The Scant Watchable Moments From Vikings-Giants

10.22.13 4 years ago 31 Comments

Monday Night Football was so undeniably awful that even ESPN on-air personalities were openly bashing it on air. This is the company that had Ron Jaworski trying to sell Tyler Palko to us. That means a lot.

Above, you have Mike Tirico calling the game bad after what should have been an Eli Manning interception. Below, Scott Van Pelt opens the postgame SportsCenter by joking that the audience just wasted three hours of their lives. Fun!

What is the takeaway? The Giants won the suckoff. The Vikings are ghastly. Josh Freeman sucks, even if you try to be fair to him and give him a break for not knowing the offense. He threw the ball 53 times to Adrian Peterson’s 13 carries. FIFTY THREE! Even playing from behind most of the game can’t justify that. And what now? Trolls are going to claim Greg Schiano is somehow redeemed despite being winless this season and that the Giants still have faint hope of frustrating everyone by making of one their trademark come out of nowhere runs to glory. Worst of all: NOT A SINGLE ELI TURNOVER.

More after the jump. This way leads to madness.

In the span of a three-hour broadcast, there were maybe six watchable minutes. Three of those were from the dependably good “Sunday Soundtracks”. I really enjoy the beginning where it segues from Cory Redding giving an impassioned speech to his Colts teammates to a referee and LeSean McCoy chatting about how Shady hails from Harrisburg.


All Josh Freeman had to do was look like a passable option at quarterback and he’d be fine for this week. Even if the Vikings didn’t win a close game, he had the readymade excuse of not fully knowing the playbook or developing chemistry with his receivers. But Freeman was plain horrible, independent of context. He missed open receivers and launched passes way out of bounds like it would gonna get him another $3 million for the year.

Yup, that bad. On the plus side, he’s become quite adept at this motion:



Freeman did have one quality pass (one out of 53 ain’t bad!) WHICH should have been a touchdown, but oop dee, it was dropped. Or possibly a nice play by Trumaine McBride. Either way: not a TD. Womp womp.

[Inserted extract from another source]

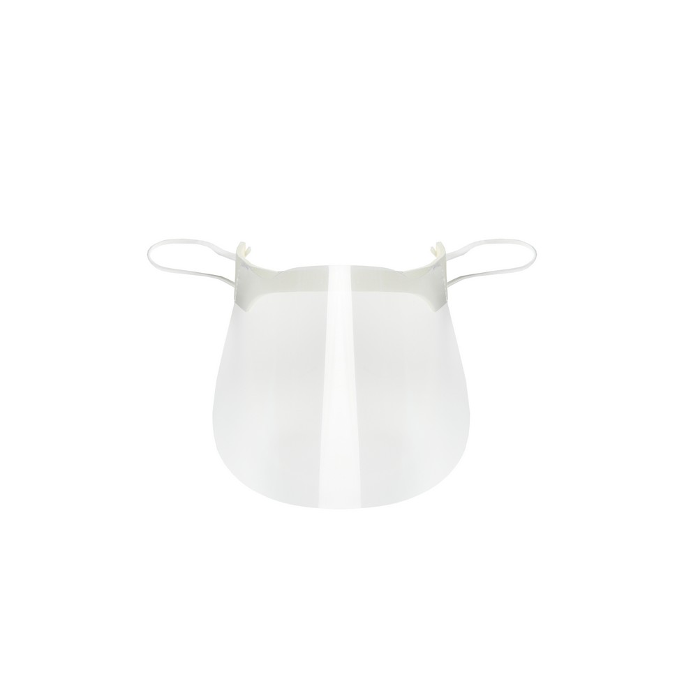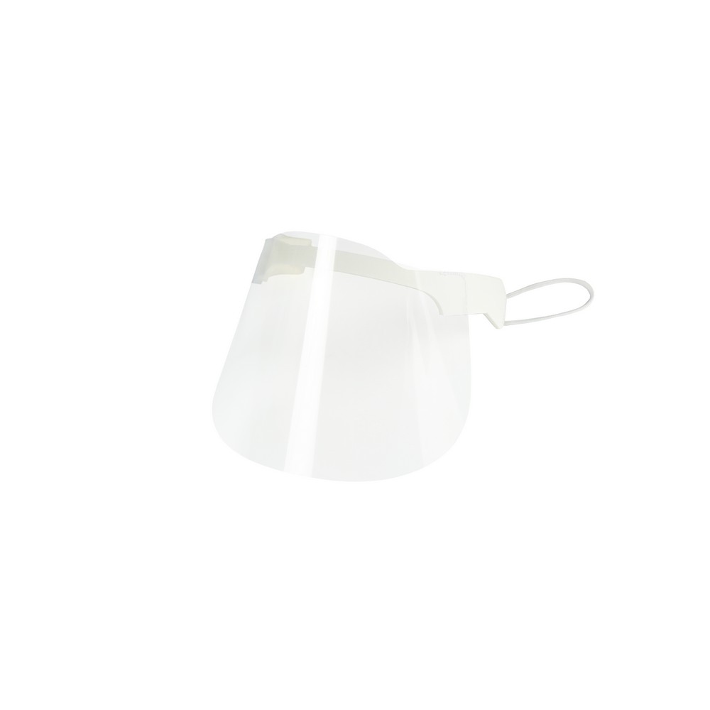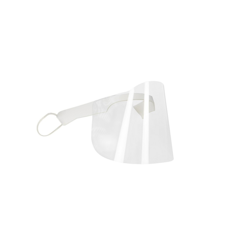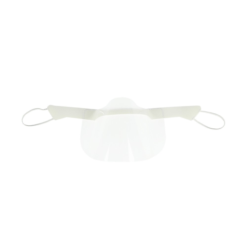 Osłona na nos i usta z elastycznymi mocowaniami, wielokrotnego użytku, wykonana z przezroczystego tworzywa PET, łatwa do dezynfekcji po każdym użyciu, posiada piankę poliestrową dla większego komfortu użytkowania (wyprodukowana w Europie / made in Europe)
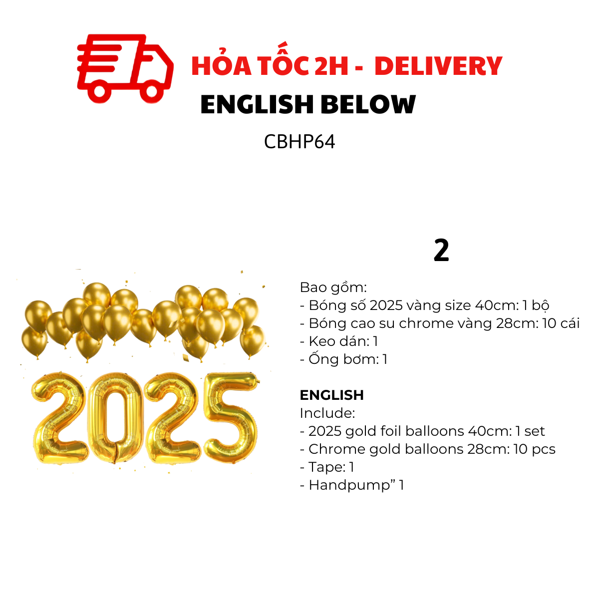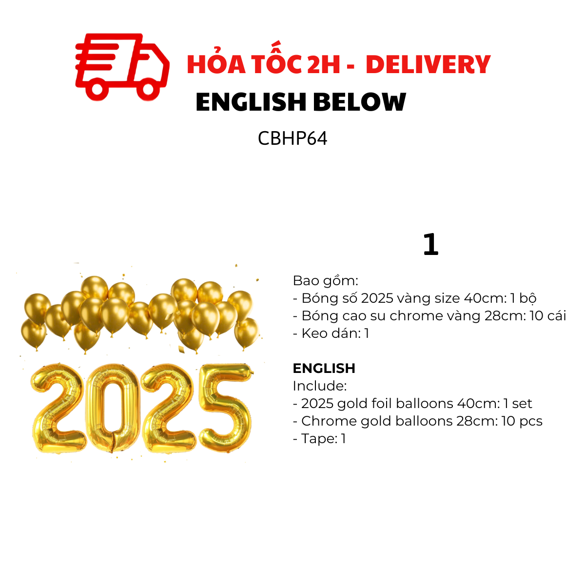 - Bóng số 2025 vàng size 40cm: 1 bộ

Speaking of drops, the Giants had a ton of them, Hakeem Nicks especially. After a Victor Cruz drop in the end zone, Jon Gruden complained that it should be resulted in a celebratory salsa dance before revealing he has been taking dance lessons himself. I smell another NFL figure on “Dancing With The Stars”. They are still doing that show, right?


I think the reason ESPN talent was speaking ill of this game was out of a company-wide protest that the network got stuck with it. Because, oh man, tWWL did not give a shit this evening. Tom Jackson flipped a fucking coin to decide his game pick before kickoff. Granted, that makes as much sense as some of the other dippy reasons their “analysts” give for picks.


There, Giants fans. Your team won a game. Now put your stupid paper bags away. Don’t ask us to feel sorry for you. We refuse. Also, Gi-aints? Are you trying to steal a thing from Saints fans? Dicks.